I have a list of strings that I want to filter:
A = ['enc_1', 'enc_2', 'enc_lag', 'lag_1', 'lag_2', 'price', 'price_std']
If I need strings that contain EITHER ‘enc’ OR ‘lag’, I can do the following:
[_ for _ in A if ('enc' in _) or ('lag' in _)]
Output: ['enc_1', 'enc_2', 'enc_lag', 'lag_1', 'lag_2']
Everything is fine. However, if I need strings that contain NEITHER ‘enc’ NOR ‘lag’, a seemingly obvious solution doesn’t work:
[_ for _ in A if ('enc' not in _) or ('lag' not in _)]
Output: ['enc_1', 'enc_2', 'lag_1', 'lag_2', 'price', 'price_std']

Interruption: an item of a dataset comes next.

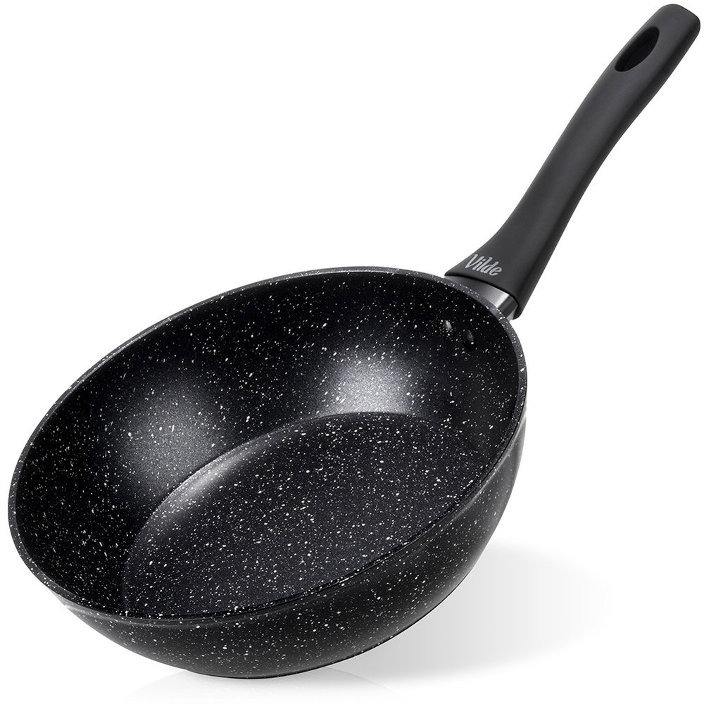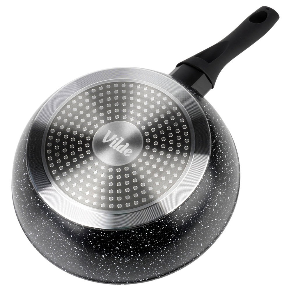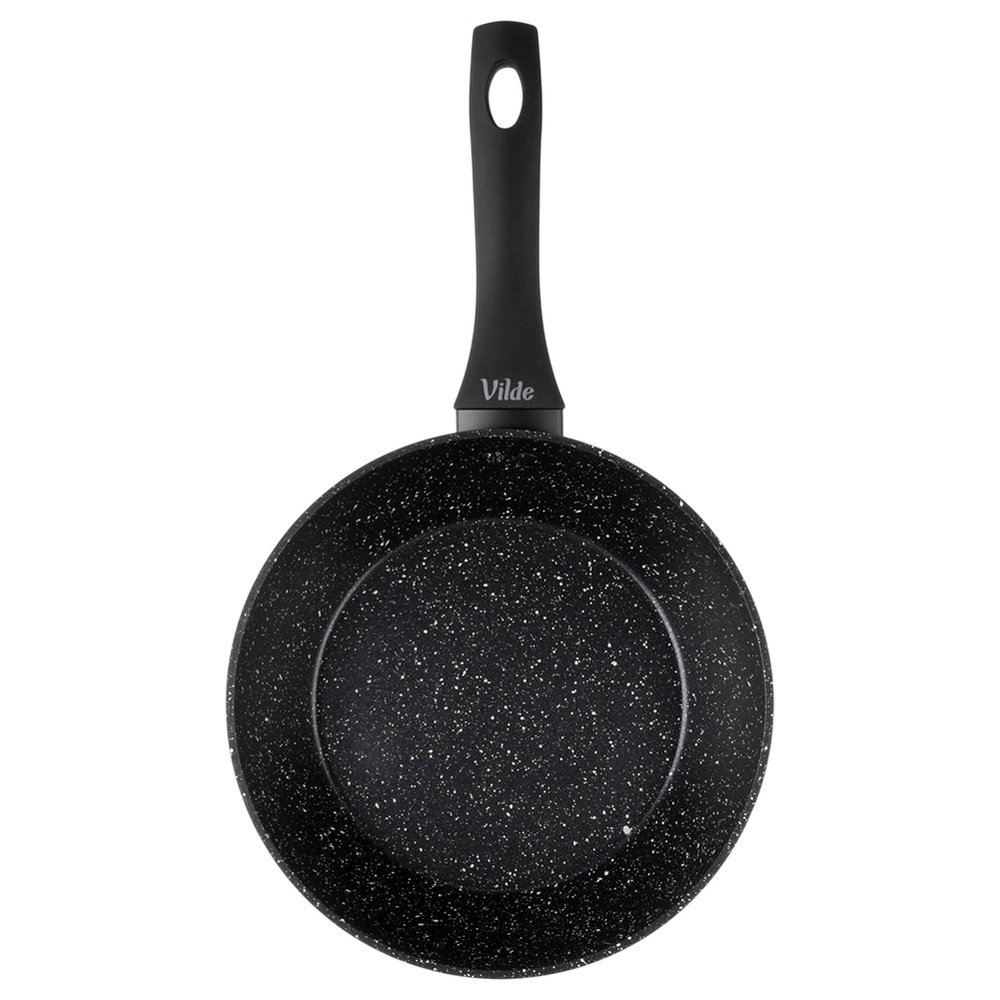 NIEPRZYWIERAJĄCA POWŁOKA GRANITOWA - Wykonana z odlewu aluminium z nieprzywierającą powłoką granitową, co umożliwi przygotowanie potraw na minimalnej ilości tłuszczu. Uchwyt typu soft touch wykonany z tworzywa w czarnym kolorze.

Judging by the result, I would expect an expression with AND to produce such an output (‘enc_lag’ would be removed), but for whatever reason OR does it instead. I am starting deeply questioning my understanding of OR and AND operators… Any help is appreciated!
>Solution :
What you actually want is and here. If the element must contain neither 'enc' nor 'lag', then it must not contain 'enc' AND must not contain 'lag'.
[_ for _ in A if ('enc' not in _) and ('lag' not in _)]
Alternatively, by applying De Morgan’s law, we have:
[_ for _ in A if not (('enc' in _) or ('lag' in _))]